The optimism bias and starting a university from scratch

Apparently, bad planning is in our genes. According to this Freakonomics show, we humans have an inherent optimism bias, and a related bias of bad planning. We tend to underestimate how much time and effort any project takes, and grossly underestimate the transactional cost of teamwork. So we optimistically plan all these projects, and then have to work evenings and weekends to try to see them completed. We also get frustrated that someone dropped the ball, did not follow up, or is late with his or her portion of the project. In many case, it is because we underinvest in communications among team members.

The Academia is similar to all other organizations, but also different. We have here the annual, Big Project: classes, grades, progress toward degree, and graduations. The Big Project runs smoothly, because it repeats almost exactly every year, just like the Church Liturgical Cycle. On the other hand, it is so massive, it takes most of our resources and waking hours – just to make sure it runs as planned. Any kinds of improvements to the Big Project, any one-time smaller projects often misfire, exactly because the organization has little capacity outside of the Big Project, and because we can take no risk on it – the Big Project must happen no matter what. We are not like a software company that is used to churning through regular new products. We are not like a construction company that has a beginning and an end to any construction project. We are more like farmers – 99% of all effort is spelled out in advance – we saw, we cultivate, we harvest; year after year, for decades.

Another big difference – in education, innovation within its core activity – teaching and learning – is very limited. It is a whole long argument that I will spell out one day; it has to do with the Baumol’s Cost Disease. The short version is that we will not see large gains in productivity of learning and teaching any time soon. However, we have tremendous marginal areas where much за possible innovation has not happened yet. For example, we have so many advisers and staff members, because our students and faculty cannot get though most processes in self-service mode. All those processes are way too complicated, and very poorly designed. In theory, it should be very easy to figure out which courses you need to take when. It should take seconds to ask for money and complete a travel reimbursement claim.

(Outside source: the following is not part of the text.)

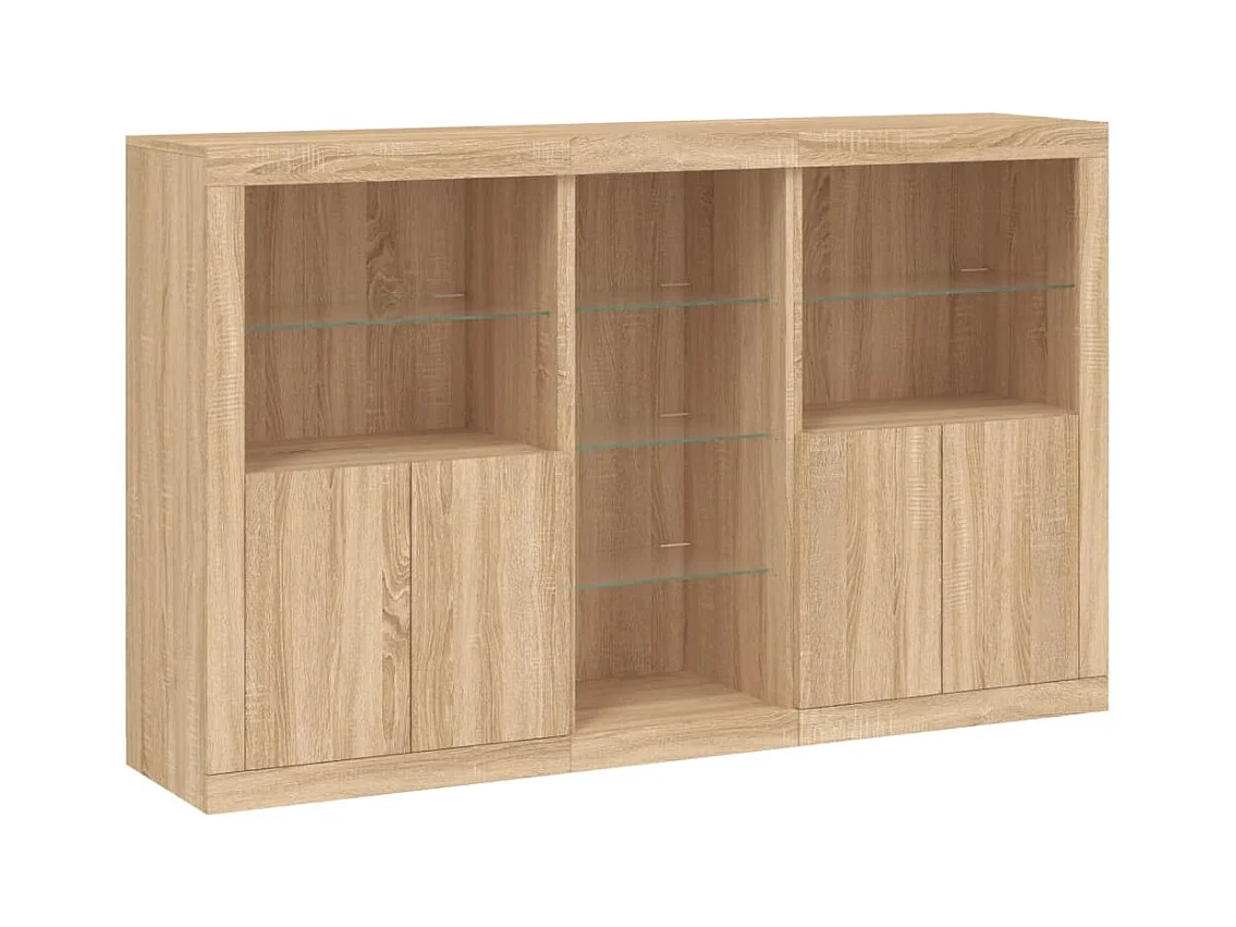 Aparador Aparador Cômoda Armário Unidade de armazenamento Organizador Cozinha Sala de estar com luzes LED 3 peças Madeira projetada marrom 02_0037211

Yet just because information technologies are available in theory does not mean they can be implemented and integrated easily. Universities are patchworks of old, disjointed improvements that do not talk to each other. Banner and PeopleSoft were tremendous steps forward to integrate at least the most basic university functions. Everything else is kind of bolted on them, haphazardly. We still have hundreds of students run around the campus having their change-of-major paper forms signed by three people. It is not anyone’s fault; this is simply because we have the Big Project to take care of.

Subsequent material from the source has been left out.